*** Begin section ***

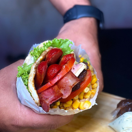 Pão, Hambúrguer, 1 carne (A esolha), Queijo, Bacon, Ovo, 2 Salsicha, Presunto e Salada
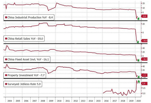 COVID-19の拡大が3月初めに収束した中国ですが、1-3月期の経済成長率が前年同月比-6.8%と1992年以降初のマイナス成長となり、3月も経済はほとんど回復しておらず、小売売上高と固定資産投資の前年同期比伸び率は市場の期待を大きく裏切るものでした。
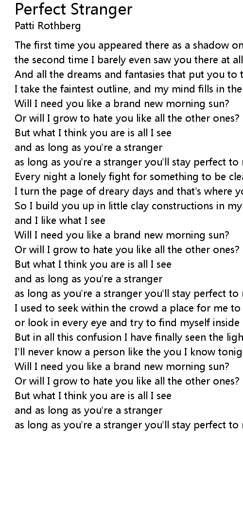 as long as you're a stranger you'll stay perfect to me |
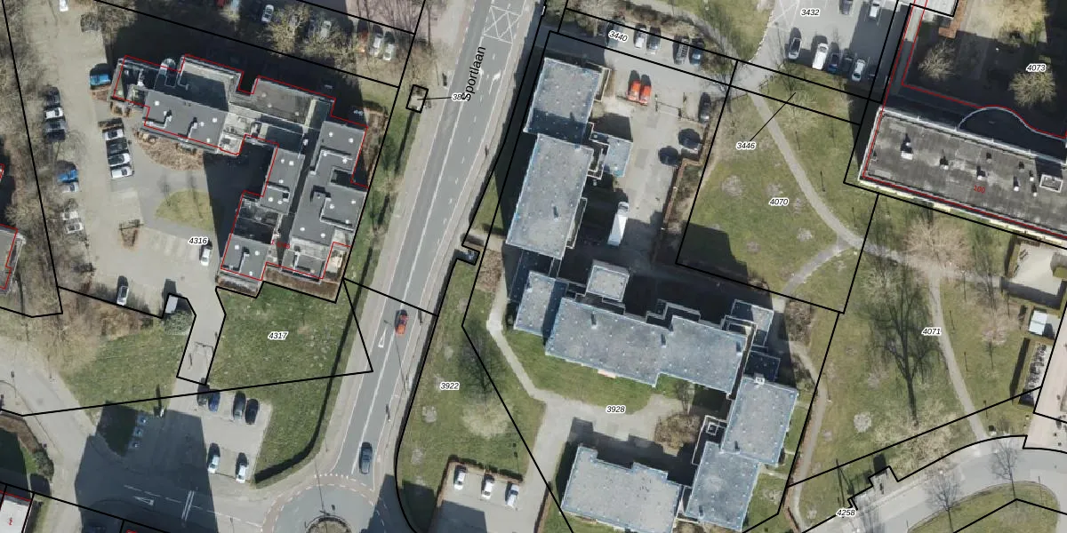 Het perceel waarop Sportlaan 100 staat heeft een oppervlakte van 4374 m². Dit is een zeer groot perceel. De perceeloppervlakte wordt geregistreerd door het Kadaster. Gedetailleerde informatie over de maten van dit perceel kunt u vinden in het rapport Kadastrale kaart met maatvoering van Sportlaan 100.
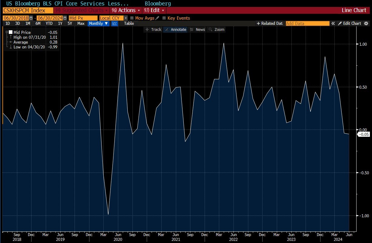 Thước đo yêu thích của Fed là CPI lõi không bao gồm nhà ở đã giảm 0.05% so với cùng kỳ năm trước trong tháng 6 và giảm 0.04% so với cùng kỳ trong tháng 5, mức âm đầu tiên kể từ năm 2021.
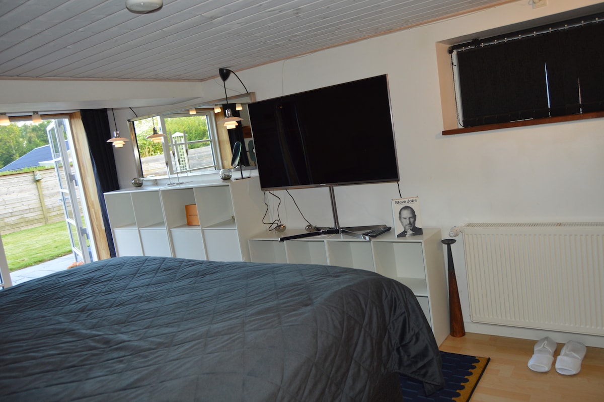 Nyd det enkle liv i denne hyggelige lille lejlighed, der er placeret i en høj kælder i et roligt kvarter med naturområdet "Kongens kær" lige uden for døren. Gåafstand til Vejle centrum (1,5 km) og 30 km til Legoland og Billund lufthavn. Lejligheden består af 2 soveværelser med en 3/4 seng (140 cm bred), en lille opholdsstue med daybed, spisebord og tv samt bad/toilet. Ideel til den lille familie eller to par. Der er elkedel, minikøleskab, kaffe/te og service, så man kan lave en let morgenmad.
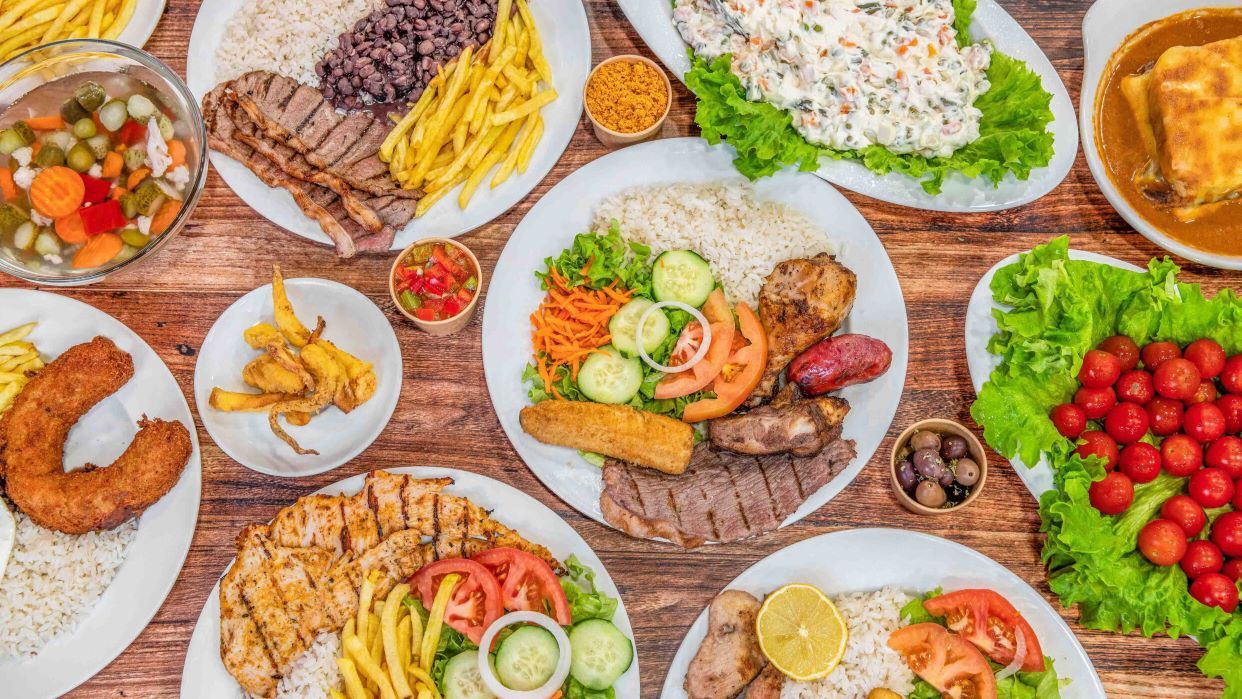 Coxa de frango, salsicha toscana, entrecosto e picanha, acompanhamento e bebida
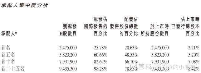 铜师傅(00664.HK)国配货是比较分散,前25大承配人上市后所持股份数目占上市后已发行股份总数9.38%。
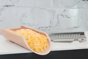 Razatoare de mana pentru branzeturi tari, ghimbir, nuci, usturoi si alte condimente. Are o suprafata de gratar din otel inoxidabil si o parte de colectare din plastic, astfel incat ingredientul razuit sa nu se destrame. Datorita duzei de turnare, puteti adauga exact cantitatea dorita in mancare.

*** End section ***
*** Begin section ***

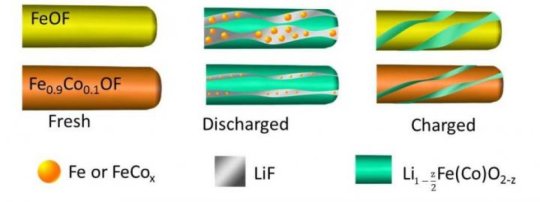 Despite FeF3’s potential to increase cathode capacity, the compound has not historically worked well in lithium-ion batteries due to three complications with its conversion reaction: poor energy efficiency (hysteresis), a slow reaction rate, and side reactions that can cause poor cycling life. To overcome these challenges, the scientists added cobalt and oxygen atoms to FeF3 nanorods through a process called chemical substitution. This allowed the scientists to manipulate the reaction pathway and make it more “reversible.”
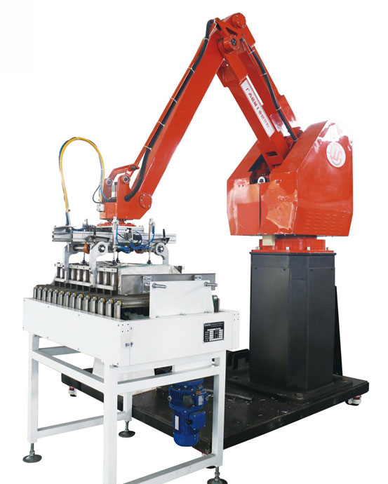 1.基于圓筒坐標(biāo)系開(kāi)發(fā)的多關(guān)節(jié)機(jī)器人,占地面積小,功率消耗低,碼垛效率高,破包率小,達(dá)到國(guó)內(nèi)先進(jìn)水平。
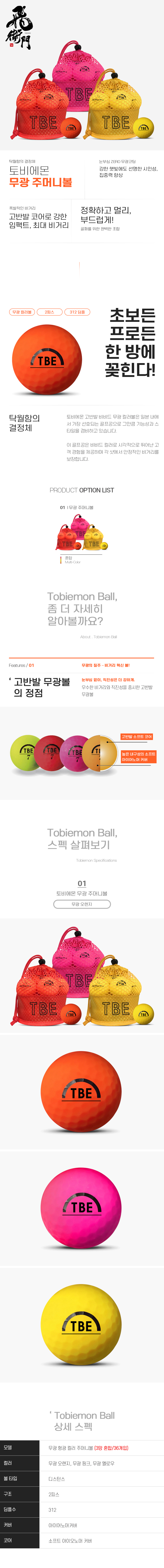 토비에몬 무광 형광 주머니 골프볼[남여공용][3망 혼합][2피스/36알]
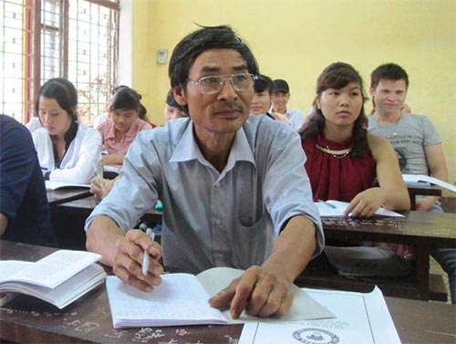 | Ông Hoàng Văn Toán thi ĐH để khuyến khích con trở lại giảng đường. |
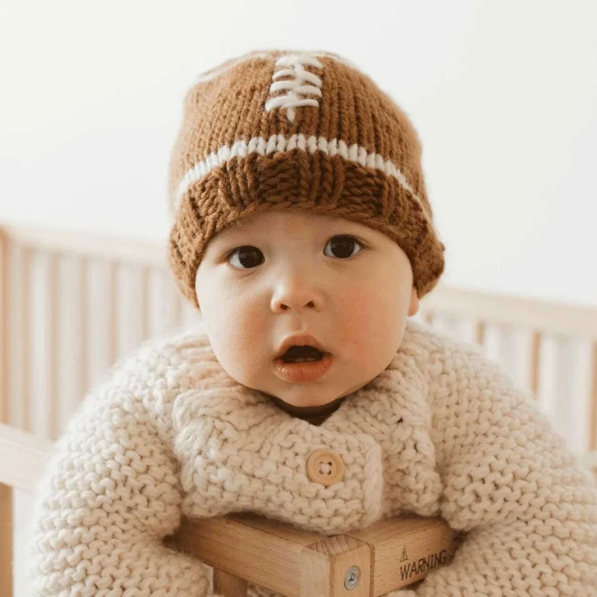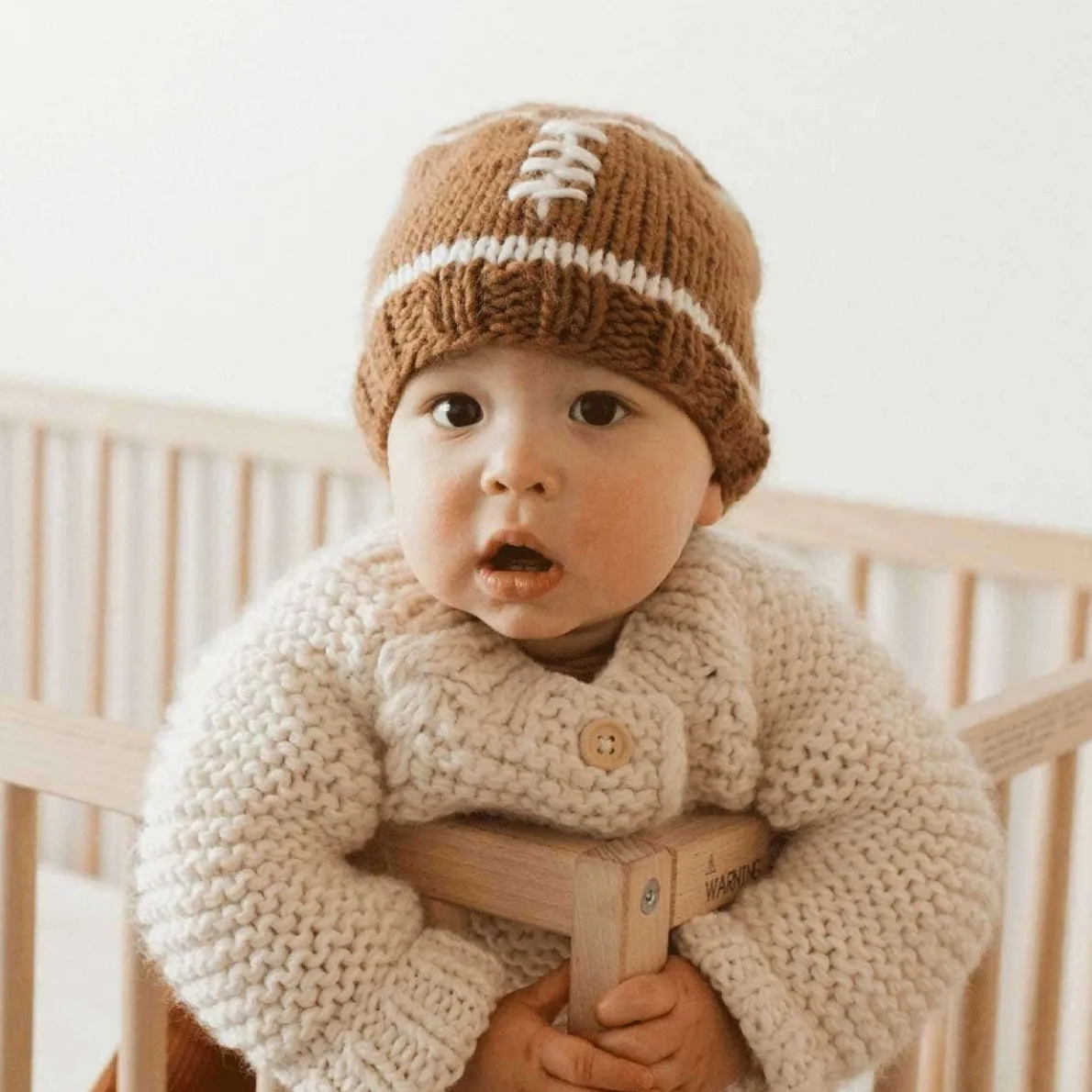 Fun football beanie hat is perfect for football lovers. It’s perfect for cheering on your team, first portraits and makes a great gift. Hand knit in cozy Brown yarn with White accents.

*** End section ***

__Exercise aim__. Within the material above, only the stretch from the line holding "Pão, Hambúrguer, 1" through the line holding "Thước đo yêu" is to be restated exactly. Pictures are dropped.

__Response to the exercise__.
 Pão, Hambúrguer, 1 carne (A esolha), Queijo, Bacon, Ovo, 2 Salsicha, Presunto e Salada
 COVID-19の拡大が3月初めに収束した中国ですが、1-3月期の経済成長率が前年同月比-6.8%と1992年以降初のマイナス成長となり、3月も経済はほとんど回復しておらず、小売売上高と固定資産投資の前年同期比伸び率は市場の期待を大きく裏切るものでした。
 as long as you're a stranger you'll stay perfect to me |
 Het perceel waarop Sportlaan 100 staat heeft een oppervlakte van 4374 m². Dit is een zeer groot perceel. De perceeloppervlakte wordt geregistreerd door het Kadaster. Gedetailleerde informatie over de maten van dit perceel kunt u vinden in het rapport Kadastrale kaart met maatvoering van Sportlaan 100.
 Thước đo yêu thích của Fed là CPI lõi không bao gồm nhà ở đã giảm 0.05% so với cùng kỳ năm trước trong tháng 6 và giảm 0.04% so với cùng kỳ trong tháng 5, mức âm đầu tiên kể từ năm 2021.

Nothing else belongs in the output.